Christo in Westport: Creativity on a grand scale
Updated 6:55 pm, Tuesday, July 12, 2011
The artist Christo has an "irrational" urge to think -- and create -- big.
"All our projects are absolutely irrational with no justification to exist. Nobody needs a Running Fence or Surrounded Islands." he once said. "They are created because Jeanne-Claude and I have this unstoppable urge to create."
Though Christo's wife Jeanne-Claude, his collaborator since the 1950s, has since died, environmental artist Christo, 78, presses on, visiting the Westport Arts Center on Thursday to discuss his latest works in progress. Collages, drawings, films and informational panels arranged around the perimeter of the gallery detailed the grandeur of Christo's visions for "Over the River, Project for the Arkansas River, State of Colorado" and "The Mastaba, Project for the United Arab Emirates."
The Westport reception drew a packed house, with many admirers standing by on a waiting list. In addition to food and wine, attendees had the opportunity to purchase one of several books about Christo, signed by the artist.
"Over the River" will consist of fabric panels suspended horizontally clear and high above water level following the configuration and width and the changing course of the Arkansas River, and will be in place two weeks in August 2014.
"Mastaba" will be a work of approximately 410,000 horizontally stacked oil barrels secured to an inner structure. The vastness of the setting will be reflected in the piece, which will have two 738-foot vertical walls, two slanted walls and a truncated top.
Helen Klisser, the Westport Arts Center's director of visual arts, conceived and organized the show, and Christo himself curated it. "I've been thinking about this for a long time," Klisser said. "None of these things are instantaneous. The river theme of the one project and the center's proximity to the Saugatuck River was a prompt.
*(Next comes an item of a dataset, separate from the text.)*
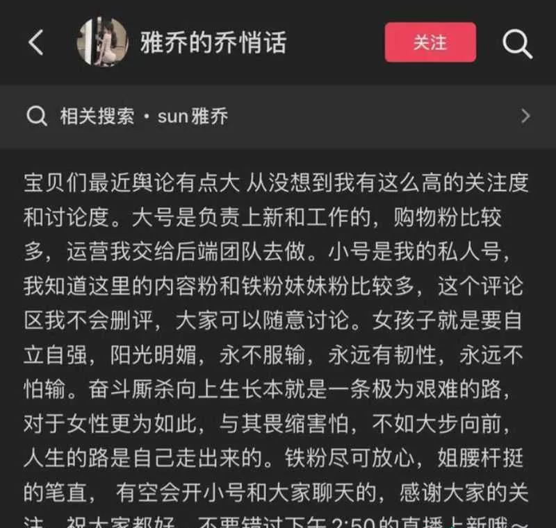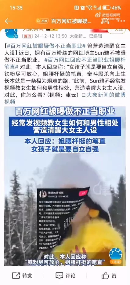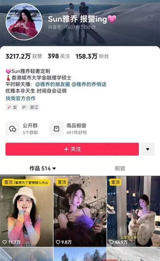 抖音上拥有158万粉丝的网红“Sun雅乔”,以清醒大女主的形象广受欢迎,时常发布视频教授女性如何与男性交往(其实是在谋求利益)。她曾经典地说过:“追求美好生活就一定是拜金吗?”然而,最近却被揭发私下从事不正当职业,疑似涉及外围女和缘交活动。

Another connection was late Westport author Burt Chernow, who wrote a biography about the couple. When I was a director with Silvermine Guild Arts Center, I did a book signing with Chernow, so had already established a tie."
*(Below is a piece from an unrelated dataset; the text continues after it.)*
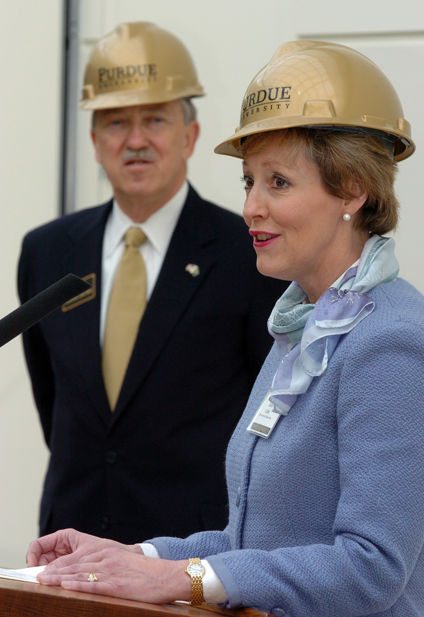 "Finally, we've learned to be responsive, to respond within 24 hours to companies that come to us with a potential project or for a progress update." Rutledge said new Discovery Park centers also could address other large, complex areas of research, such as transportation-distribution-logistics, environmental science and cancer research. The university will request proposals from faculty and fund the most promising ventures within the next one to two years. Jischke has stressed the concept of using public-private partnerships to attract funds and businesses to the state. In addition to the $200 million the original Lilly Endowment gift has attracted, Discovery Park also has been a key factor in Purdue's success in raising more than $1 billion to date in the university's Campaign for Purdue. This fall, the campaign goal was raised from $1.3 billion to $1.5 billion. Discovery Park is Purdue's interdisciplinary research hub that brings the university's scientists, researchers, engineers and management experts together on a project-based basis to make basic discoveries available to advance the Indiana economy and solve societal problems by inventing new products and processes. Also under construction at Discovery Park is a biomedical engineering building. Writer: Mike Lillich, (765) 494-2077, mlillich@purdue.edu Sources: Martin Jischke, (765) 494-9708 Gretchen Wolfram, Lilly Endowment media contact, (317) 916-7304, wolfamg@lei.org Charles O. Rutledge, (765) 494-7766, chipr@purdue.edu Purdue News Service: (765) 494-2096; purduenews@purdue.edu

Jeanne-Claude died two years ago from an aneurism. "I waited a respectful amount of time and approached Christo and his studio about six months ago," Klisser said. "Planning began immediately. He did a blueprint of how things would be set out in the gallery."
Chernow's widow, Ann, a Westport resident, was on hand for the opening of the Christo exhibition in Westport, and shared a few memories. "We met the Christos in 1970 when Burt went to ask them for a piece for the Westport schools' permanent art collection. This was around the Running Fence time. He gave Burt a piece. Burt came home and said, `He's a genius. This is going to change our lives.' "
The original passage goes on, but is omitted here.